Problem to work on: The response should consist only of the lines from the one with "我们也可以在中国移动的官网去" to the end of the data below, copied exactly and without pictures.

Stored items from a collection

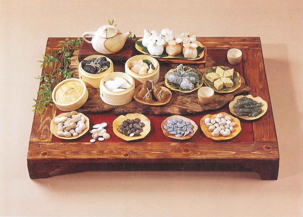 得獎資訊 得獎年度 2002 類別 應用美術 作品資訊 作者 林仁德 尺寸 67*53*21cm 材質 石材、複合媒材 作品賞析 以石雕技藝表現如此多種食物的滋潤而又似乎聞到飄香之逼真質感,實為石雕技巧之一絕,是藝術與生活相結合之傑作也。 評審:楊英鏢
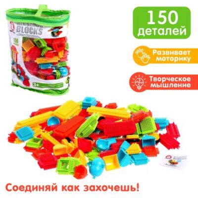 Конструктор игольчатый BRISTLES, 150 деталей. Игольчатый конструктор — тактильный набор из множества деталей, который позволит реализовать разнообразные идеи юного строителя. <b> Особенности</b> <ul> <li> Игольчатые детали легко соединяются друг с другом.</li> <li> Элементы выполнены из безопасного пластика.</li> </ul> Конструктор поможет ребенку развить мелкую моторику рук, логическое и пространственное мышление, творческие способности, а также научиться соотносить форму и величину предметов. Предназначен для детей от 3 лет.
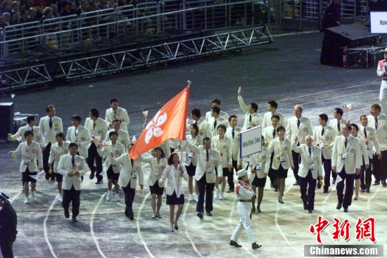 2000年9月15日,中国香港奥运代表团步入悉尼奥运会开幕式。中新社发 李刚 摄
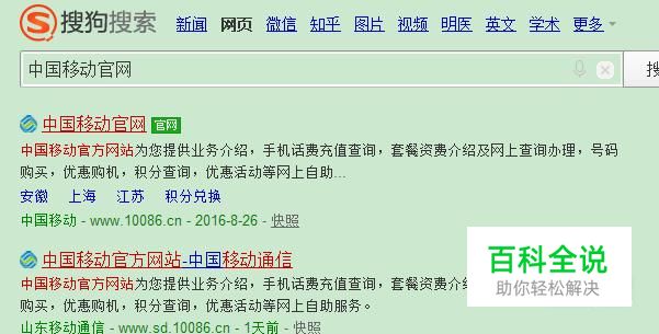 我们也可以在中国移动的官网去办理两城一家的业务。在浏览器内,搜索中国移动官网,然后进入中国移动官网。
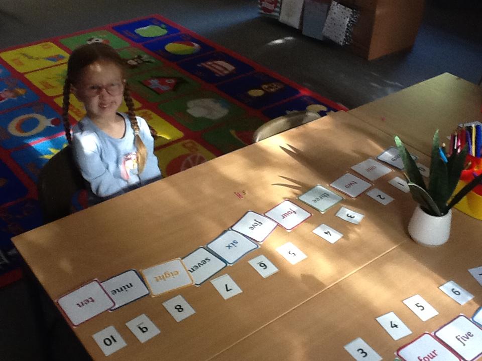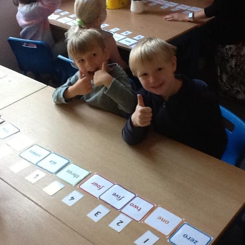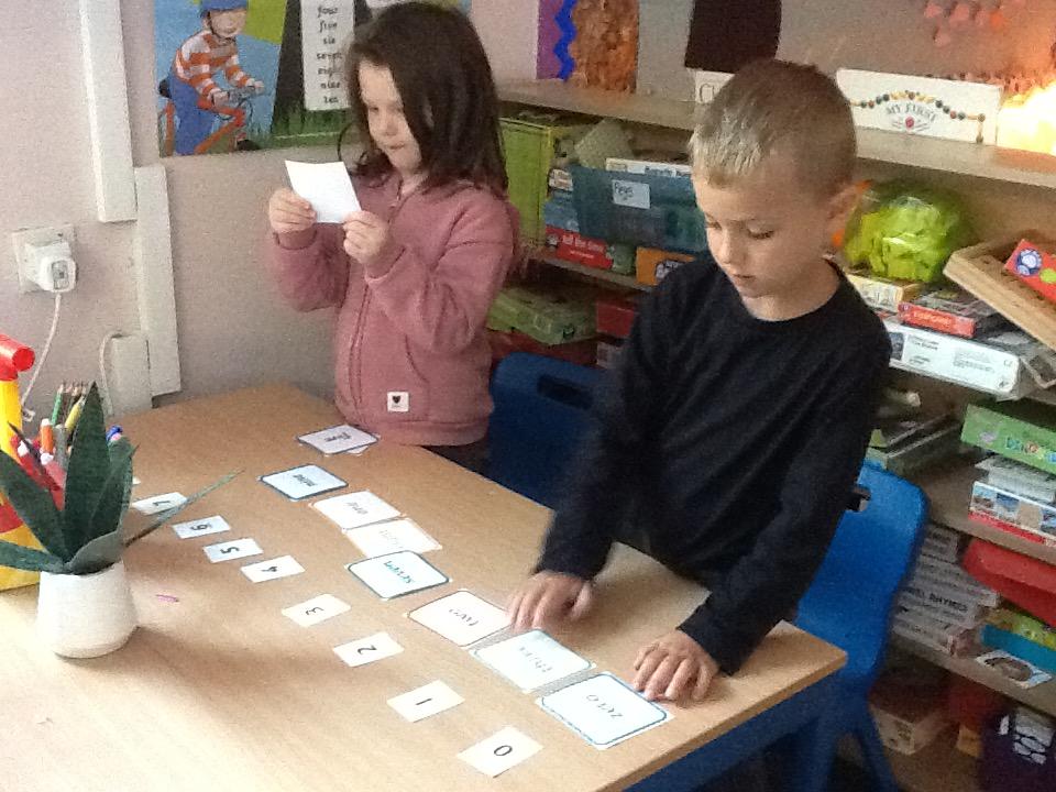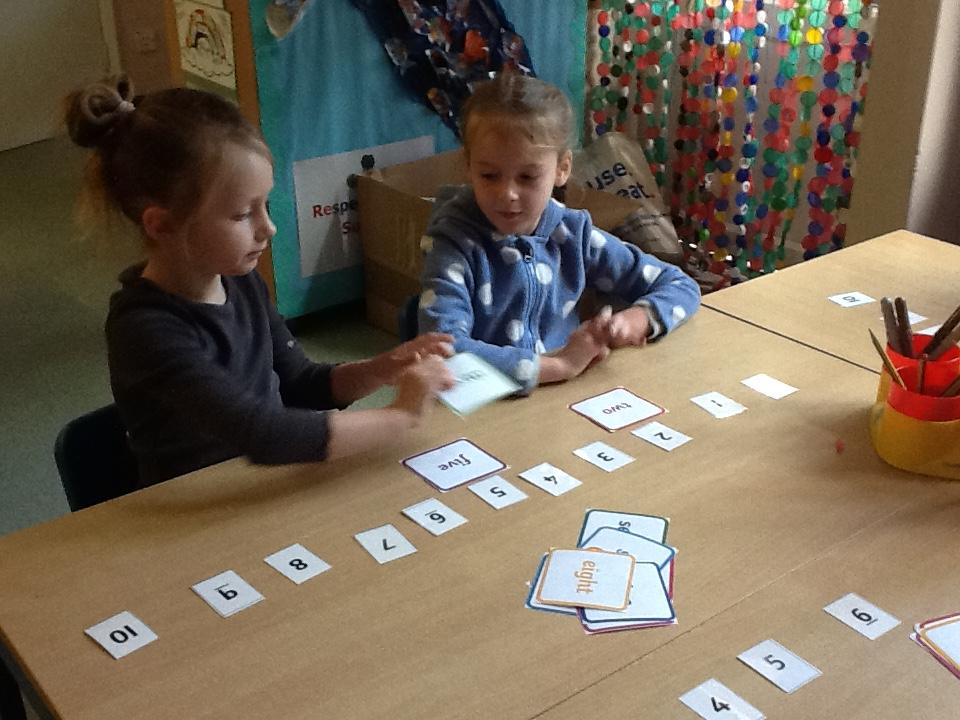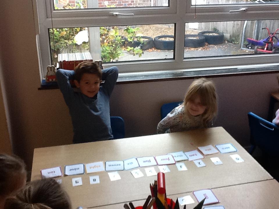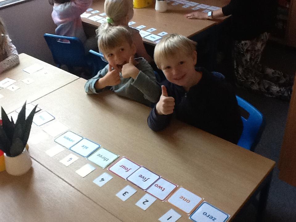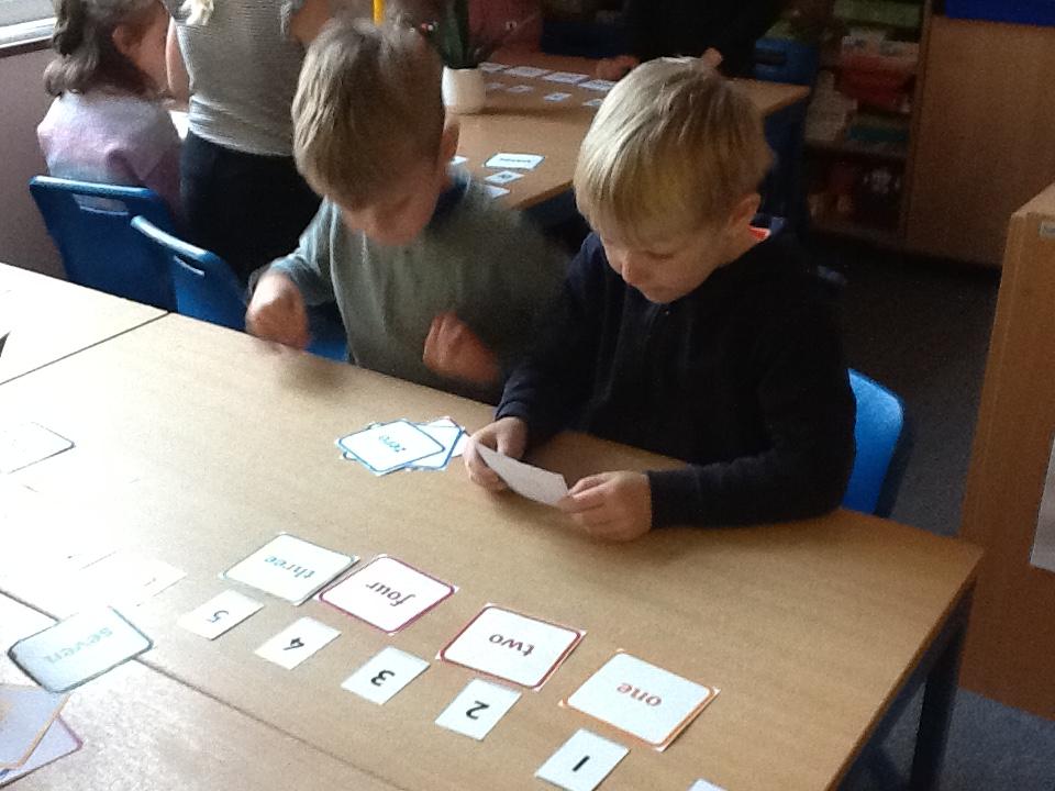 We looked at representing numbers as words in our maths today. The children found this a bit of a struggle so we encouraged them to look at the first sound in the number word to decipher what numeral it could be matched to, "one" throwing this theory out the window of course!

Expected answer:
 我们也可以在中国移动的官网去办理两城一家的业务。在浏览器内,搜索中国移动官网,然后进入中国移动官网。
 We looked at representing numbers as words in our maths today. The children found this a bit of a struggle so we encouraged them to look at the first sound in the number word to decipher what numeral it could be matched to, "one" throwing this theory out the window of course!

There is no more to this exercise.